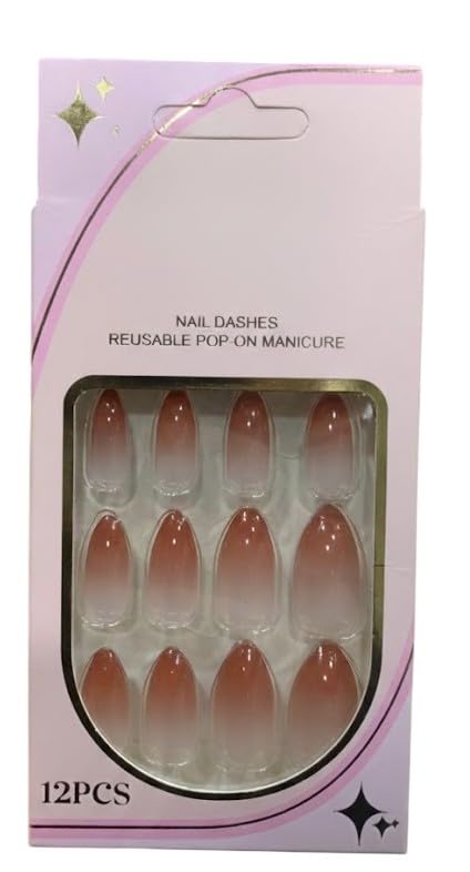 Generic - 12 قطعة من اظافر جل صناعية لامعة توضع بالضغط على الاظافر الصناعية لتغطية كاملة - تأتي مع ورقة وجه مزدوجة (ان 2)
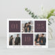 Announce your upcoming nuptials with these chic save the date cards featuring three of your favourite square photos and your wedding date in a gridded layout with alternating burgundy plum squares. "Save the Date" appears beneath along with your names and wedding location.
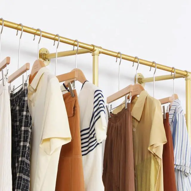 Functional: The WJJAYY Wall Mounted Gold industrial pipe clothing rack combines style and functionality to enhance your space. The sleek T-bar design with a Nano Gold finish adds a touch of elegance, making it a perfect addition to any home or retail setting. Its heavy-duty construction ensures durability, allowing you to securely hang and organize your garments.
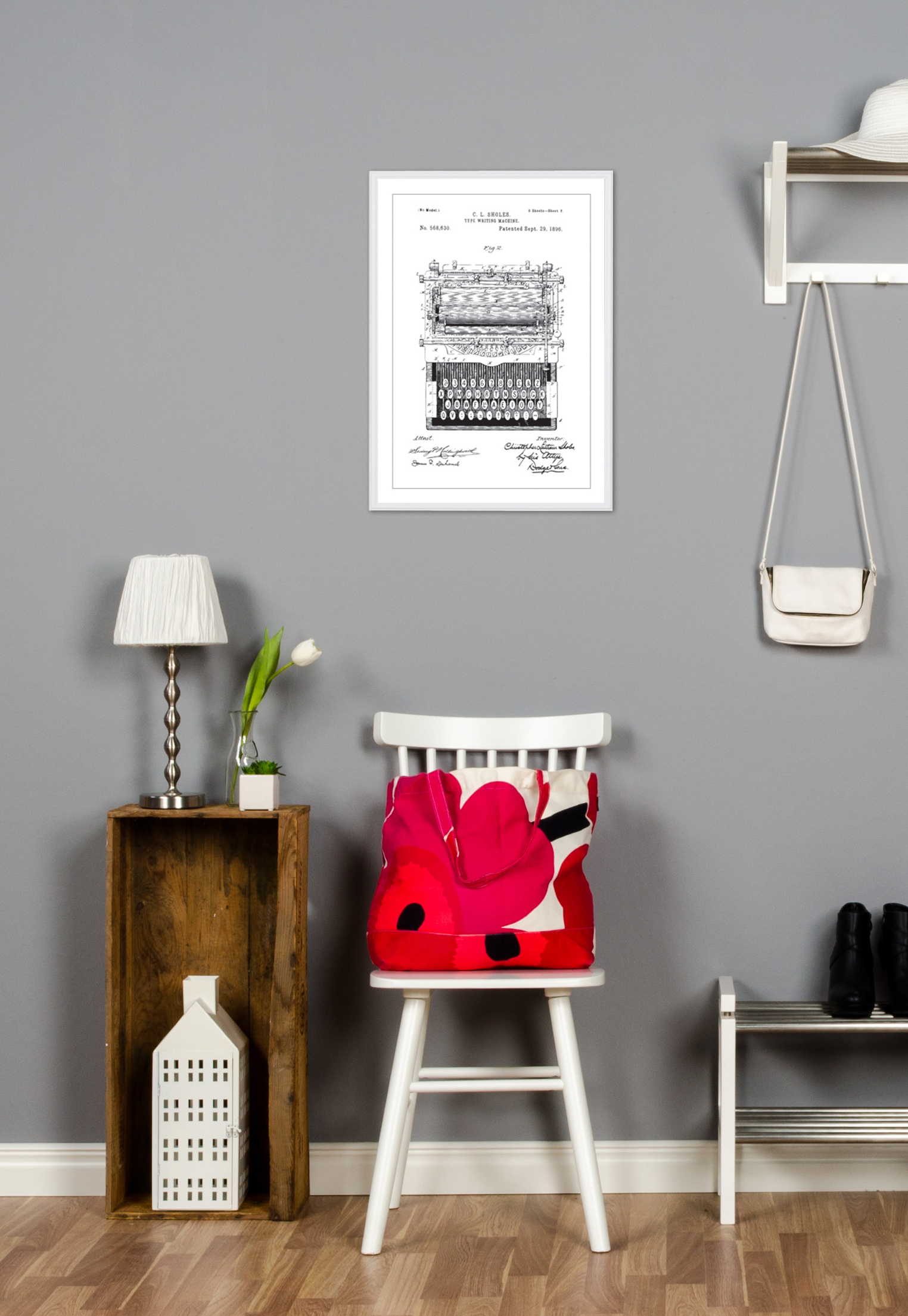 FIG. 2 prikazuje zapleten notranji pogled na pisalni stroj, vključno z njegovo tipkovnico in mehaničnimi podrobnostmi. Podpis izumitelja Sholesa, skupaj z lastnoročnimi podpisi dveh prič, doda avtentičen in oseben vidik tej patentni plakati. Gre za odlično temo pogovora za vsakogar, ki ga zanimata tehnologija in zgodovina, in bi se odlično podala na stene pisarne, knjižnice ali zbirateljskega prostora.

==============================

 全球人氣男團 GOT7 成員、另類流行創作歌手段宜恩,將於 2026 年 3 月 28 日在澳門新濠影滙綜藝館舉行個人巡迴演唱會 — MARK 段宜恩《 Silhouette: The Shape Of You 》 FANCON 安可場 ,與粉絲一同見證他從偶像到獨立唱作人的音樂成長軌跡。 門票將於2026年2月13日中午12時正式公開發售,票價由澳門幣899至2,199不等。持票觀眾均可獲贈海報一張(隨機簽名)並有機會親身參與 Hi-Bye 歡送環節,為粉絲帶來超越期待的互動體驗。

==============================

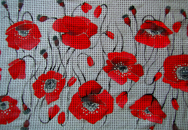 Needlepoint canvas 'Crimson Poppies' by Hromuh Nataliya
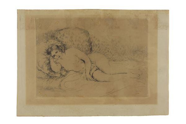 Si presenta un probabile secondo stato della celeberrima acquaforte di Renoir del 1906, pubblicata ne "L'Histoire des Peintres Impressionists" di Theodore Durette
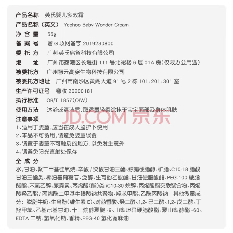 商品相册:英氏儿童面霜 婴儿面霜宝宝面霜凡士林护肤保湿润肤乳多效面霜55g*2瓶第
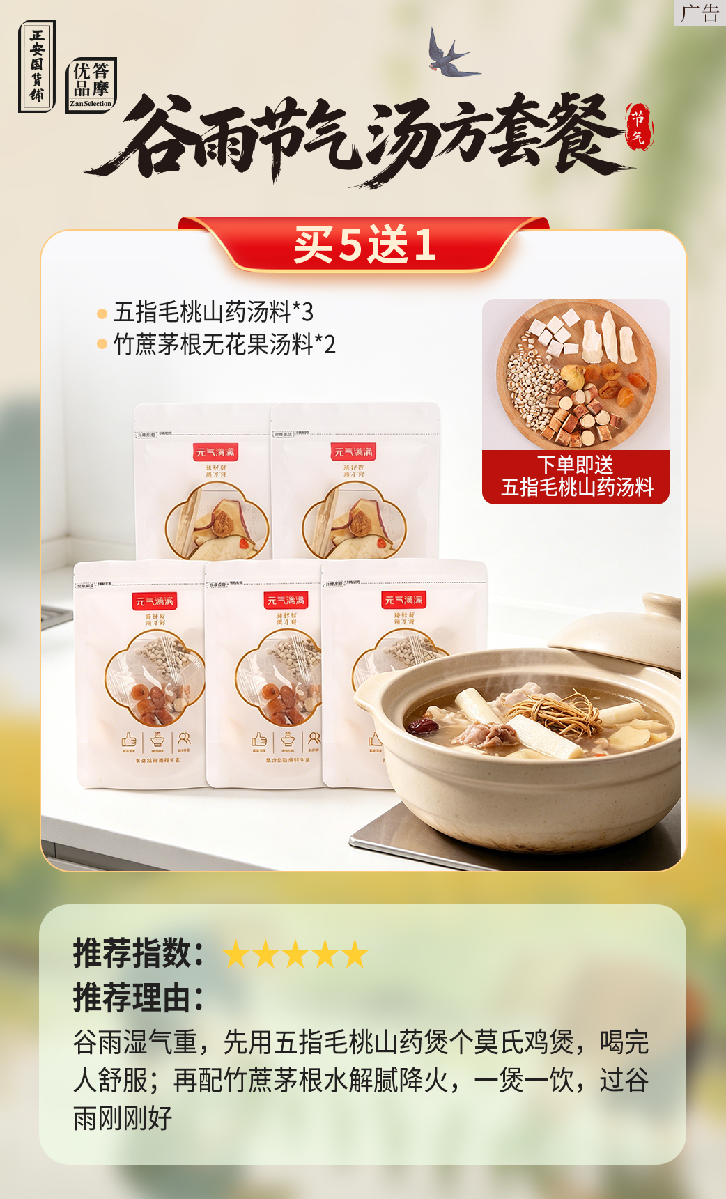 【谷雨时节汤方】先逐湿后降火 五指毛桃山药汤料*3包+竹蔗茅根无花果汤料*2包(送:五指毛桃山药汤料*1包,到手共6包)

==============================

[Task directions]:
Within the listing above, print exactly the stretch beginning at the line that contains "Generic - 12" and finishing at the line that contains "FIG. 2 prikazuje", ends kept, pictures left out, and nothing more.

[Task solution]:
 Generic - 12 قطعة من اظافر جل صناعية لامعة توضع بالضغط على الاظافر الصناعية لتغطية كاملة - تأتي مع ورقة وجه مزدوجة (ان 2)
 Announce your upcoming nuptials with these chic save the date cards featuring three of your favourite square photos and your wedding date in a gridded layout with alternating burgundy plum squares. "Save the Date" appears beneath along with your names and wedding location.
 Functional: The WJJAYY Wall Mounted Gold industrial pipe clothing rack combines style and functionality to enhance your space. The sleek T-bar design with a Nano Gold finish adds a touch of elegance, making it a perfect addition to any home or retail setting. Its heavy-duty construction ensures durability, allowing you to securely hang and organize your garments.
 FIG. 2 prikazuje zapleten notranji pogled na pisalni stroj, vključno z njegovo tipkovnico in mehaničnimi podrobnostmi. Podpis izumitelja Sholesa, skupaj z lastnoročnimi podpisi dveh prič, doda avtentičen in oseben vidik tej patentni plakati. Gre za odlično temo pogovora za vsakogar, ki ga zanimata tehnologija in zgodovina, in bi se odlično podala na stene pisarne, knjižnice ali zbirateljskega prostora.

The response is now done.